Il Managed care («termine bruttissimo e per altro molto generale») può contribuire a contenere i premi di cassa malati? «Certo. E con questo progetto abbiamo dato, perlomeno la maggioranza del parlamento, un segnale che si cerca di fare qualcosa per contenere i costi. Studi scientifici, anche di recentissima pubblicazione, ci confortano nelle loro conclusioni, che prevedono che grazie al sistema di rete integrata i costi potrebbero scendere (al netto dai cosiddetti 'buoni rischi') di circa il 12-13%». Il secondo aspetto per cui la riforma si è resa necessaria è quello concernente la qualità delle cure. «In effetti nel dibattito in vista della votazione - spiega Ignazio Cassis - questo aspetto è sovente tralasciato. Ma bisogna ricordare che il sistema sanitario svizzero sta diventando sempre più complesso, con circa 8mila posti di lavoro in più ogni anno, con una sempre maggiore differenziazione di specialità e senza una regia che sorvegli tutto il sistema, la qualità è messa in discussione come pure il rischio di errore è sempre più dietro l'angolo. Basta guardare le cifre: ogni anno in Svizzera, col sistema attuale, si contano circa 1'400 morti evitabili per errori medici legati essenzialmente alla mancanza di coordinazione. Senza parlare delle decine e decine di ricoveri inutili per errori di prescrizione, con i relativi costi che incidono per parecchi milioni di franchi all'anno».

Il progetto in consultazione «è quindi in grado di risolvere questi due problemi in modo da non stravolgere le abitudini della popolazione. Grazie alle reti integrate, il paziente viene preso a carico dal medico di famiglia e viene seguito, se del caso da uno specialista, per tutto il percorso per risolvere il suo specifico problema di salute. Laddove esiste, il Managed care ha dato buoni risultati anche nel nostro Paese, in particolare nella risoluzione di quelli che erano i due aspetti sensibili a monte della riforma. E ulteriori studi (pubblici, universitari e anche delle casse malati) confermano che il Managed care, grazie alla  coordinazione, riesce ad abbattere i costi, e consente un miglioramento della qualità delle cure soprattutto in caso di pazienti cronici grazie al sistema di presa a carico integrato. Mi chiedo quindi come facciano gli oppositori a dire che non è vero che con il Managed care non è possibile abbattere i costi della salute». E dell'aggravio che dovranno sopportare chi non vorrà/potrà accedere a una rete di cura? «Beh... non dimentichiamo che la sanità non è un mercato libero: siamo tutti obbligati a pagare i premi di  cassa malati. È normale che ci siano dei limiti, altrimenti diventa un 'supermercato' che tutti dobbiamo pagare. È giusto che chi si comporta responsabilmente e passa prima dal medico di famiglia sia premiato. Chi non vuole osservare le regole può farlo, ma paga un po' di più. E il prezzo (al massimo 300 franchi all'anno o 80 centesimi al giorno), non appare proibitivo».
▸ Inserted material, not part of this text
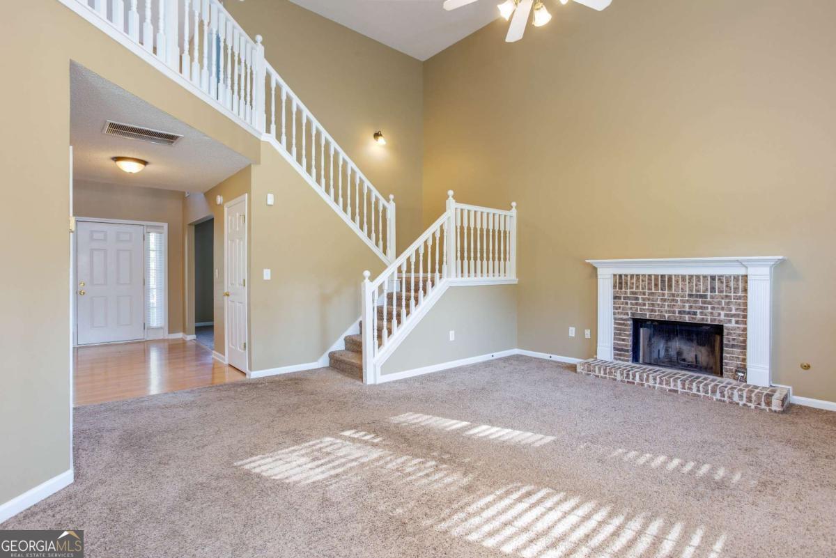 Welcome to this beautifully maintained 3-bedroom, 2.5-bath home nestled on a generous 0.73-acre lot. Boasting 2,526 sq ft of living space, this two-story gem features an updated kitchen perfect for entertaining, a cozy brick fireplace in the living area, and a huge 2-car garage with ample storage. The oversized primary suite offers a luxurious escape with a separate soaking tub and shower, dual vanities, and plenty of room to unwind. Wood flooring and plush carpet flow throughout the home, creating a warm and inviting atmosphere. Enjoy peaceful outdoor living with access to a serene community lake-ideal for fishing and relaxation. This property combines comfort, style, and nature in one perfect package. Schedule your home tour today!
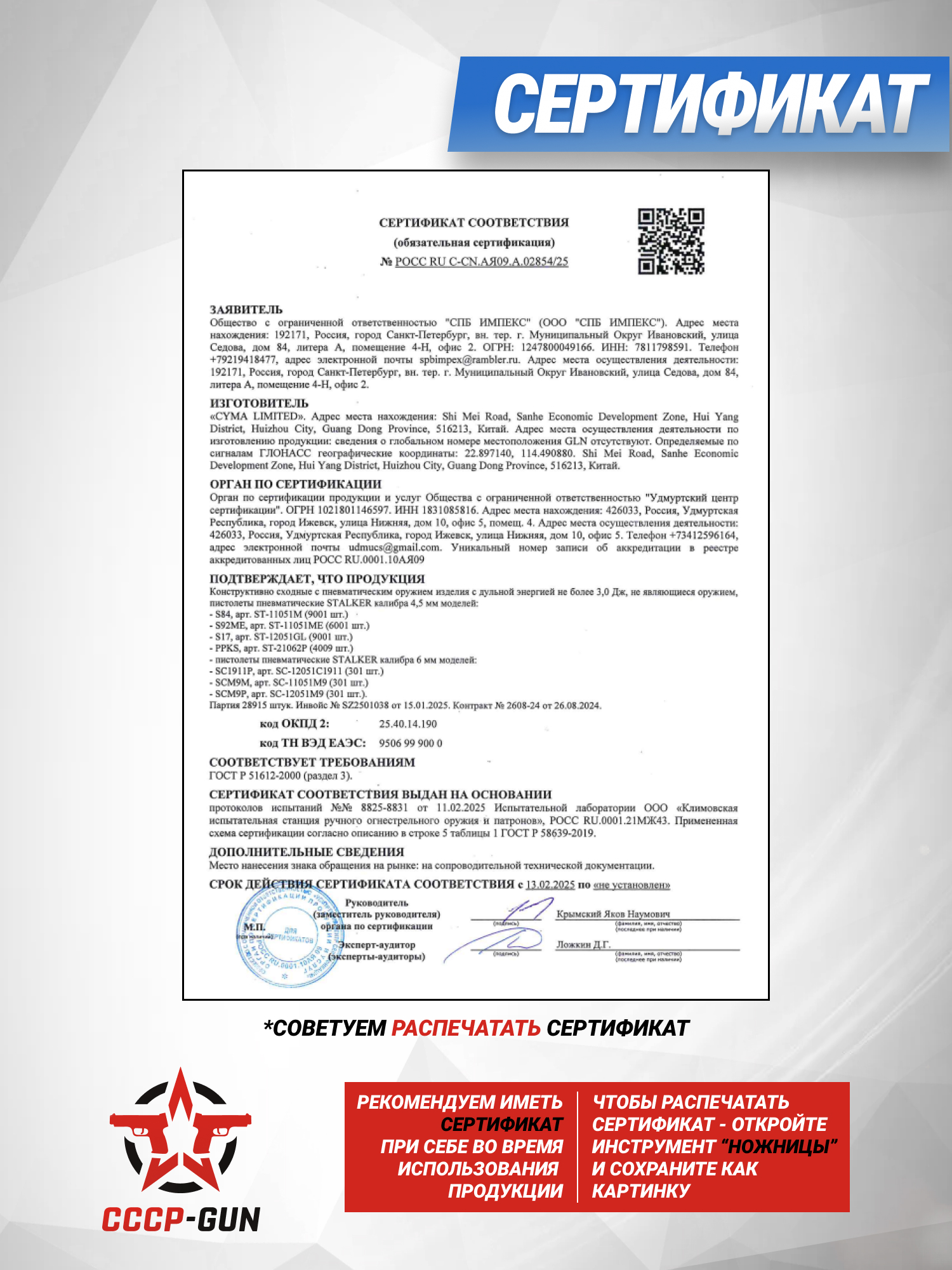 Изготовитель Stalker известен своими доступными пневматическими платформами, среди которых выделяются экземпляры, повторяющие реальные образцы и выполненные с высокой детализацией. Компания делает акцент на сочетании практичности, простоты обслуживания и внешнего сходства с огнестрельным оружием. Благодаря применению проверенных технических решений модели бренда отличаются надежностью, удобством эксплуатации и оптимальным балансом характеристик.

Marina Carobbio: no alla legge poiché il progetto ha troppi lati oscuri

Marina Carobbio si è schierata a favore del referendum. «Sono contraria a questo progetto sia come medico che come parlamentare. Ciò per tre motivi: non farà diminuire i costi, rischia di introdurre una medicina a due velocità e il sistema di controllo da parte del Consiglio federale è praticamente nullo». Dalle discussioni parlamentari era emersa la volontà di rinunciare a obbligare gli assicuratori malattia a istituire reti di cura su tutto il territorio nazionale. «Pur essendo di principio favorevole a questo sistema di cura integrata, il progetto in consultazione - spiega la consigliera nazionale - è privo di quegli elementi cardine che lo potrebbero far funzionare. Basti pensare che per le casse malati non vi è nessun obbligo di creare delle reti di cura su tutto il territorio nazionale. Questo significa spalancare le porte a una medicina a due velocità e intaccare persino la qualità del sistema sanitario svizzero». Anche dal profilo economico questa riforma non sembra convincere la consigliera nazionale Marina Carobbio. «Infatti. Chi non aderisce o non può aderire a una rete di cura deve pagare una partecipazione maggiore ai costi con un aggravi di almeno 300 franchi annui, ciò che per molte persone e famiglie, oggi, rappresenta un problema non indifferente. Avrei preferito, già in sede parlamentare, che si rinunciasse all'aggravio del 5 per cento sulla partecipazione ai costi per coloro che non vogliono o non possono aderire a una rete di cura integrata. Tale aggravio  è infatti penalizzante se si pensa per esempio ai malati cronici agli anziani».

Tra le critiche al progetto, Carobbio ricorda anche il rischio che «questa riforma rafforzi eccessivamente il potere delle casse malati. Ogni assicuratore può sottoscrivere dei contratti con le reti laddove ci sono, soprattutto nei centri urbani, mentre per le regioni periferiche potrebbero essere create delle reti ad hoc da parte degli assicuratori costringendo, di fatto, i pazienti a prendere quello che 'passa il convento'».

Di punti positivi, questa riforma non ne ha nemmeno uno? «L'unico aspetto positivo del progetto è dato dall'impossibilità delle casse di gestire in proprio le reti di cura. Con l'introduzione della  corresponsabilità budgetaria per le casse malati, gli assicuratori - specifica ancora Carobbio - potrebbero fare pressione su determinate reti per stipulare i contratti. Vedo quindi male medici e altri professionisti della salute andare a contrattare direttamente con le casse malati. Il rischio è quello di istituire delle vere e proprie 'aziende sanitarie' con grossi costi amministrativi che non porteranno né alla diminuzione dei premi malattia né tanto meno alla diminuzione dei costi generali del sistema sanitario».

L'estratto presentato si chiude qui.